The OSHA compliance officer is limited to the areas identified in the complaint or warrant, together with those areas consented to by the employer. The inspection may be expanded based on records or additional information obtained from a previous “limited” inspection. It is important that the inspection be of only the appropriate areas, but a violation in plain view can be cited and may expand the scope of the inspection. The employer representatives should say as little as possible during the inspection Any comments may be used against the employer in later citation proceedings and may compromise defenses available to the employer.

  • The employer should take certain proactive steps during the walk-around inspection. Be sure to:
  • Take detailed notes of all comments and questions asked by the OSHA compliance officer;
  • Take photographs, videotapes/audiotapes and measurements of inspected work areas and machinery to correspond to the photographs, videotapes and measurements taken by the compliance officer; and
  • Make note of the names of any employees interviewed by the compliance officer.

The employer must not take any action against an employee who interviews or cooperates with the OSHA compliance officer. Retaliation carries extremely heavy penalties under federal and state law.

The company representatives should advise the OSHA compliance officer in advance of any concerns the company has regarding possible trade secrets and other proprietary information.  The authority of the OSHA compliance officer is limited.  For example, the compliance officer:

  • must conduct employee interviews within “reasonable” limits and in a “reasonable” manner
  • may not conduct private employee interviews on employer’s premises unless the employer consents
  • is not allowed to view employee medical records without the proper request order, but is allowed to determine if the records are being maintained
  • should not enter restricted/posted areas unless proper precautions are taken
  • must wear required protective equipment such as goggles, hard hats, gloves and earplugs
  • may not take photographs if the flash would produce a hazard or disrupt the work area
  • may not cause an unreasonable disruption or interference with operations.

After the walk-around, the compliance officer will conduct a closing conference. He or she will describe any “apparent violations” to the company’s representatives and explain the company’s rights and responsibilities. The compliance officer may ask how much time is needed to abate the “apparent violation.” An affirmative response to this question may be deemed an admission of a violation and could subject the company to a heavier fine. Preface any response with: “If a violation exists . . .”

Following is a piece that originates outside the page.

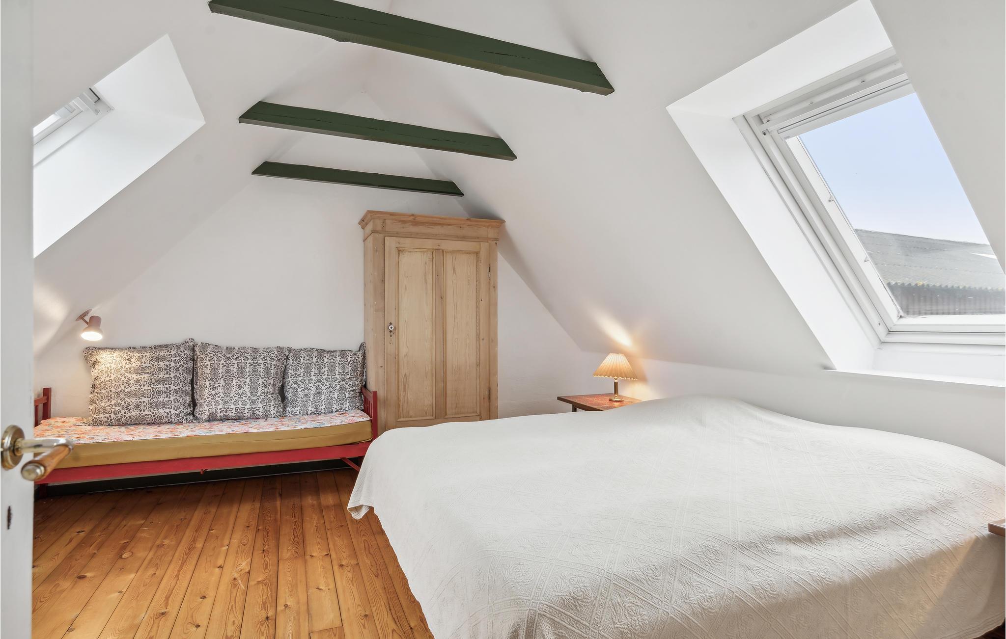 Der er lagt op til nogle herlige dage i Dyreborg, hvor denne toetagers lejlighed kan blive jeres base. Boligen har en enkelt og funktionelt indrettet med træk fra klassisk landstil, og den hvidkalkede gård, som lejligheden er en del af, tilfører et ekstra strejf af fynsk idyl til jeres ferie. Ud over rummene indenfor kan I rykke ud på den åbne terrasse og nyde en grillmiddag, solen eller sætte jer med ferieplanlægningen. Hvis I er en større gruppe, som holder ferie sammen, kan I reservere en af de andre lejligheder.

If an apparent violation cannot be contested in good faith, the company should try to abate it during the inspection. This could result in a reduced penalty. Take detailed notes on problems addressed by the compliance officer (with the applicable standards) and the suggested abatement procedures.

At the closing conference, verbally confirm the scope of the inspection as stated in the opening conference, and send a follow-up letter to the compliance officer confirming the scope of the inspection.

Any citation must be issued within six months of the start of the inspection, but are usually issued within a few weeks. There are strict time limits (15 days) within which a company may contest the citation. The company’s mail room must be alerted that a letter from OSHA is expected and instructed to give it to the designated company representative immediately upon receipt.

If you are issued a citation, it should be posted (with penalty amounts deleted) in the area cited, as well as where company notices normally are posted. Notify the company’s OSHA counsel immediately. The company may want to request an informal conference with the OSHA area director, depending on how the nature of the violations, the penalty classification, whether abatement is feasible, and the cost of abatement. The informal conference may or may not result in an informal settlement, but the request for an informal conference does not extend the time for the filing of a notice of contest.